アデレードといえば当然「南の虹のルーシー」を思い浮かべることができます。原作は、Lucy−may of the Southern Rainbowでフジテレビ系の世界名作劇場の枠で1982年1月から12月までの1年間放映されていました。 「南の虹のルーシー」はルーシーがアデレードに入植していく「大草原の小さな家」に似た話ですが、原作はどんどんと明るい方向とは逆の方に進んでいくことになります。

あらすじ

 イギリスから90日の船旅ののち、南オーストラリアのアデレードに到着したポップル一家は、オーストラリアの広大な土地で農場経営をするという夢を描いていました。動物好きのルーシーにとっては、珍しい動物のいるオーストラリアは夢のような土地で、毎日がとても楽しいものでした。そんな中ある日事件が起こりました。近くに住むぺティウェル家の黒犬がルーシーの飼っていた羊を襲ったため、リトルという名前のディンゴの子(リトルはルーシーのペット)が、その黒犬をかみ殺してしまいます。これを逆恨みしたぺティウェルは、ポップル家の土地購入をことごとく邪魔をし、その結果、ポップル家はなかなか土地をなかなか手に入れることができませんでした。
 入植から3年が過ぎても、一向に生活がよくならないポップル一家は、飼っていた羊を売りに出すことを決めます。しかし、この出来事にひどくショックを受けたルーシーは街をさまよい歩き、アデレード橋を渡っているときに暴れ馬に轢かれてしまいました。この事故のあと、記憶を失ったルーシーは、プリンストン夫妻に助けられました。しばらくして記憶の戻ったルーシーは自分がプリンストン家の養女になれば、父親に土地をプレゼントできると考え、夫妻のもとを訪ねます。ルーシーのそんなやさしい気持ちに気づいた夫妻は、土地を売ってくれることになりました。移住から4年半経って、念願の土地を手に入れたポップル家は希望に向かって再出発することになりました。(了)

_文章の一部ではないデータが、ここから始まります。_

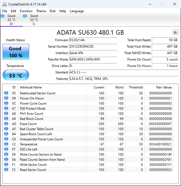 | Adata Ultimate SU630 480 ГБ | 443,1 | 442,9 |

この物語が当時の状況を忠実に再現しているかどうかについては疑問の余地は残るものの、原作があることからある程度はその状況を移しているものと考えていいだろう。(現在一部をYouTubeで見ることができます。)

南の虹のルーシー

アデレード概史

アデレードは一般の移民のための計画された植民地の中心として建設された。移民達は宗教の迫害を恐れずに済み、市民としての自由が保障されていた。この点では、受刑者移民の土地としての歴史を持つシドニーやホバートなどの他のオーストラリアの都市とは異なっている。偶然にも"アデレード"という名前はドイツ語で"貴婦人"を意味する言葉に由来している。(Wikipediaより)

このような歴史をたどったアデレードが、「南の虹のルーシー」の舞台になったことは、自由移民のための植民地としてアデレードが発展していったことと無関係ではないだろう。